After Eileen left it took me an hour to calm Jodie down again, and I promised her she wouldn’t be seeing much more of Eileen. Given Eileen’s performance to date, this was probably true.

    

Despite Jodie’s negative outbursts about High Oaks, she also said on more than one occasion that she wanted to ‘go and live with the cows’. The following afternoon I found her in the kitchen, trying to open the cupboard doors.

‘What are you looking for, Jodie?’

‘Carrier bags,’ she muttered, as if it was none of my business.

‘Can you tell me why?
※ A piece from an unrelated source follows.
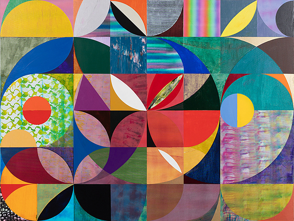 [vc_row][vc_column width=”1/6″][/vc_column][vc_column width=”2/3″][vc_column_text]Por Valesca Veiga[/vc_column_text][vc_empty_space][vc_column_text]A nova exposição individual de Luiz Zerbini deflagra algumas questões fundamentais da pesquisa pictórica do artista esquadrinhada e expandida ao longo de mais de três décadas. Sete telas em grande formato, dispostas nas amplas paredes da galeria Carpintaria, apresentam composições geométricas abstratas que irradiam exuberância cromática. Camadas e sobreposições por tramas de transparências e opacidades, frequentes em todo o tecido poético de Zerbini, estão construídas como uma rede de texturas de sutileza fina que dialogam com a visualidade de outras técnicas, como a estampagem serigráfica, a gravura e a fotografia. O efeito de colagem entre os diversos planos, recorrente nas composições figurativas do artista, está aqui revisitado pela construção da cor, que apesar de fragmentada pela extensa paleta, é o elemento agregador do todo poético. Tudo parece estar sincronizado.

I might be able to help.’

‘I need to pack,’ she answered wearily.

I took her upstairs, fetched the suitcases from the top of my wardrobe, and carried them through to her room. We worked slowly, side by side. ‘It’s like going on holiday,’ she said, stuffing handfuls of toys into the holdalls.

‘Yes, a little. Have you ever been on holiday, Jodie?’

She looked at me blankly, and I realized that, like many deprived children, she’d probably never had a proper holiday, but was simply repeating what she’d heard at school or on TV.

‘This is more like moving home,’ I added, which was something she could relate to. I felt a pang of regret, for, if things had been different, I could have taken her on her first holiday.

During these last few days, Adrian, Paula and Lucy were unusually quiet, and showed enduring patience in the face of Jodie’s tantrums and insults. I knew that they, like me, were finding Jodie’s departure more difficult than that of any other child we’d fostered. To say goodbye when a child is returning to parents who have overcome their problems has an optimistic feeling of success. Even those children who can’t return home, and are found adoptive families or long-term foster placements, leave with a fresh start and the knowledge that they will be welcomed and loved by a new set of parents. The only consolation in Jodie’s case was that she’d be in safe hands, and would finally receive the therapy that I hoped would set her on the path to recovery.